1. Field of the Invention
The present invention relates generally to machining fluids and a method for machining using a machining fluid.
2. Description of the Prior Art
The intricate characteristics of hardness, toughness, wear, and corrosion resistance of advanced materials such as silicon nitrides have made them ideal candidates for high-performance structural applications. These unique properties, on the other hand, also have made them very difficult to machine. For example, their high hardness makes it necessary to use diamond tools to shape and fabricate them, and if the machining force is too high, surface cracks can render the materials unusable. Therefore, the current machining technology uses very shallow penetration depth and slow machining rate to reduce the potential of surface damage. This makes the machining process long and expensive. Tool wear of the diamond also adds to the cost. The G ratios (amount of diamond wheel wear to amount of material removed) are typically small when compared to the case of conventional machining of metals by machine tools. Accordingly, the cost of machining advanced materials has become very high, amounting to 50 to 90% of the component cost of tough materials such as silicon nitrides.

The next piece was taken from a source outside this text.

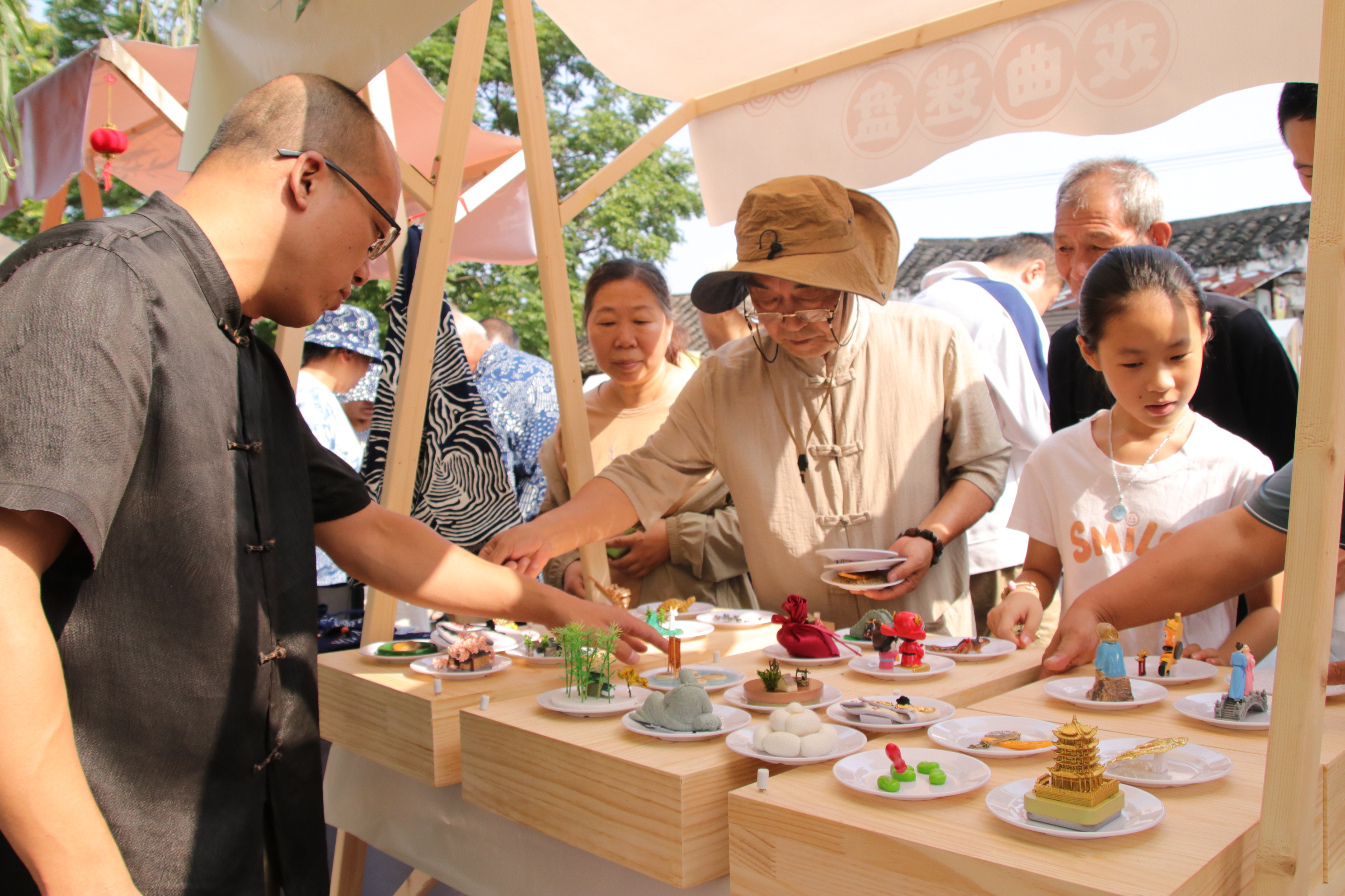 非遗市集同样人气十足。23个非遗摊位沿街排开,既有新中腐乳、白蒲茶干、兴仁崔记猪头肉、铭中月花露烧、西亭脆饼等南通特色非遗美食,也汇聚了扎染、漆扇、戏曲迷盘、蓝印花布、钩针编织等非遗手工项目。非遗传承人现场讲解并演示制作过程,不少家长带着孩子动手体验,沉浸式感受老手艺的魅力。一位带着孩子观赏石港戏曲迷盘的游客表示:“特地带孩子来了解我们本土特色的非遗技艺,没想到一个小小的集市汇聚了这么多非遗的展陈,非常了不起。”

Various compounds have been employed to assist the machining of ceramics, but none of them is entirely satisfactory. For example, it has been reported that barium carbonate powders can be used to provide improved polishing of ceramics (See Yasunaga et al., "Mechanism and Application of the Mechanochemical Polishing Using Soft Powders," NBS SP 561 (1979)). Improved polishing of quartz using Fe.sub.3 O.sub.4 and MgO has also been described. Vora et al. have described the use of Fe.sub.2 O.sub.3 and Fe.sub.3 O.sub.4 for polishing silicon nitride in "Mechanochemical Polishing of Silicon Nitride," Am. Cer. Soc., p. C140 (1982), and the polishing of boron carbide by NiO or SiO.sub.2 is described in "A Study of Mechanochemical Machining of Ceramics and the Effect on Thin Film Behavior," Office of Naval Res., No. N00014-80-C-0437-2 (1983). All of these processes suggest that by using their powders, some thin films on the order of 1000 .ANG. thick are formed on the ceramic surface, and that these films can be easily removed without causing damage to the surface. These processes result in a reduction of residual surface damage and improved surface quality, but no increase in the material removal rate. In fact, many of these actually decreased the material removal rate and none of these processes provided an improved machining rate over the conventional diamond tool methods.
In attempting to modify the ceramic surface using chemicals, the reactivity of compounds with ceramics must be considered. At first, it might seem that chemicals that work for metals might work for ceramics, but there are fundamental differences in the chemical reactivity between these material classes. In general, ceramics are considered to be chemically inert, while metals are relatively reactive. This occurs because the nature of interatomic bonding is different within metals and ceramics. Metals are held together with metallic bonds, and the electrons are free to move about in the metal. Ceramics are held together by covalent or ionic bonds. Because of the nature of the bonding, ceramics are inherently inert until the bonds are disrupted. Gates in his Ph. D. dissertation (Penn State University, December 1993) has suggested that the dangling bonds of silicon are responsible for the tribochemical reactions taking place between rubbing silicon nitride surfaces. He further found that common antiwear compounds which are effective for metal are not effective in lubricating ceramics. In metals, organometallic chemistry dominates, and in ceramics, surface hydrolysis reactions dominate. Therefore, in examining different chemistries for ceramic machining, the teachings of previous patents in metal-working fluids are not applicable.
Previously, using a diamond blade cutting machine, Wang and Hsu (Journal of Tribology, July 1994, Vol. 116, pp. 423-429) surveyed many chemicals for silicon nitride machining. They discovered, as described in U.S. Pat. No. 5,447,466, that polyhalogenated hydrocarbons were effective in accelerating the cutting rate and at the same time, improving the surface finish of ceramics.
Even the general subject of machining ceramics is relatively new, and the physical and chemical principles involved are not well understood. The current state of the art has been summarized by S. Jahanir et al. in their survey, Ceramic Machining: Assessment of Current Practice and Research Needs in the United States (NIST Special Publication 834, May 1992), and also in Cost Effective Ceramic Machining Highlights (ORNL Report ORNL/M-2827, Apr. 30, 1993). These reports essentially state that many of the basic phenomena in ceramic machining are not understood and that current practice is primarily based on experience and trial and error. Optimization of the wheel, load, speed and the materials to be machined has not been done. The effects of the coolant (machining fluid) used during machining are also not understood.